Steinbacher Derek M, Kaban Leonard B, Troulis Maria J
Department of Oral and Maxillofacial Surgery, Massachusetts General Hospital, Boston, MA 02112, USA.
J Oral Maxillofac Surg. 2005 Aug;63(8):1072-9. doi: 10.1016/j.joms.2005.04.013.
The purpose of this study was to evaluate mandibular lengthening by distraction osteogenesis (DO) to achieve decannulation of micrognathic children with "permanent" tracheostomies.
Using a retrospective chart review, patients were included who had 1 ) airway compromise/tracheostomy, 2 ) micrognathia, 3 ) polysomnography-documented obstructive apnea, and 4 ) mandibular advancement using DO. Excluded were 1 ) adults, 2 ) neonates without tracheostomy, and 3 ) patients with central apnea. Patient age, past medical history, age at tracheostomy, and distraction protocol were documented. Oxygen saturation, posterior airway space (in millimeters), and sella-nasion-B point (SNB) angle were recorded. The distraction protocol consisted of a latency of 48 hours and a rate of 1 mm/day.

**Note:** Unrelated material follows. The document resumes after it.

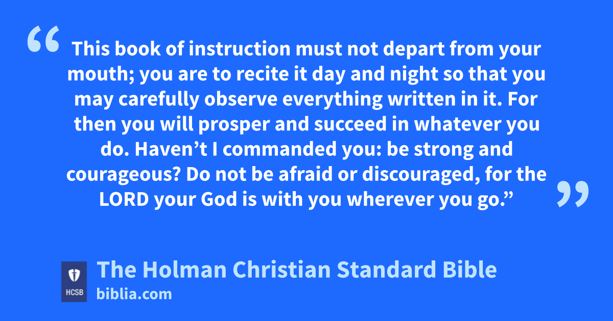 6 “Be strong and courageous, m for you will distribute the land I swore to their fathers to give them as an inheritance. n 7 Above all, be strong and very courageous to carefully observe the whole instruction My servant Moses commanded you. o Do not turn from it to the right or the left, so that you will have success wherever you go. 8 This book of instruction must not depart from your mouth; p you are to recite q it day and night so that you may carefully observe everything written in it. For then you will prosper and succeed in whatever you do. r 9 Haven’t I commanded you: be strong and courageous? s Do not be afraid or discouraged, for the Lord your God is with you wherever you go.”
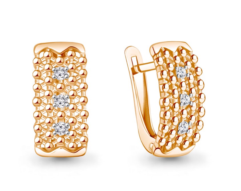 Серьги из серебра 925 пробы с позолотой, сфианитами

There were 5 children, aged 2 to 14 years, who received a tracheostomy between ages 2 and 36 months for airway obstruction. All patients underwent bilateral mandibular distraction using semiburied, unidirectional devices. The average latency was 58 hours, the rate was 1 mm/day, the duration of fixation was 40 to 60 days, and the magnitude of advancement was 23 mm. Healing was evaluated by clinical, radiologic, and ultrasound examinations. No complications were experienced. Mean follow-up was 3.2 years. Postdistraction sleep studies demonstrated no obstructive apneic events and a mean oxygen saturation of 98% (preoperative, 76%, P < .005). Cephalometric values improved: posterior airway space 4 to 14 mm; SNB 66 degrees to 72 degrees ( P < .005 for both variables). Four of the 5 patients have been successfully decannulated to date.
The results of this preliminary study indicate that mandibular advancement by DO is a potentially viable treatment option for tracheostomy-dependent children with upper airway obstruction secondary to micrognathia.
本研究旨在评估牵张成骨术(DO)延长下颌骨,以使患有“永久性”气管切开术的小颌畸形儿童拔除气管套管。
采用回顾性病历审查,纳入符合以下条件的患者:1)气道受损/气管切开术;2)小颌畸形;3)多导睡眠图记录的阻塞性呼吸暂停;4)采用DO进行下颌骨前移。排除标准为:1)成年人;2)无气管切开术的新生儿;3)中枢性呼吸暂停患者。记录患者年龄、既往病史、气管切开术时的年龄以及牵张方案。记录氧饱和度、后气道间隙(以毫米为单位)以及蝶鞍-鼻根- B点(SNB)角。牵张方案包括48小时的延迟期和每天1毫米的速率。
有5名年龄在2至14岁之间的儿童,因气道阻塞在2至36个月龄时接受了气管切开术。所有患者均使用半埋入式单向装置进行双侧下颌骨牵张。平均延迟期为58小时,速率为每天1毫米,固定时间为40至60天,前移幅度为23毫米。通过临床、放射学和超声检查评估愈合情况。未发生并发症。平均随访时间为3.2年。牵张后睡眠研究显示无阻塞性呼吸暂停事件,平均氧饱和度为98%(术前为76%,P <.005)。头影测量值有所改善:后气道间隙增加4至14毫米;SNB从66度增加到72度(两个变量的P均<.005)。截至目前,5名患者中有4名已成功拔除气管套管。
这项初步研究的结果表明,对于因小颌畸形导致上气道阻塞且依赖气管切开术的儿童患者,采用DO进行下颌骨前移是一种潜在可行的治疗选择。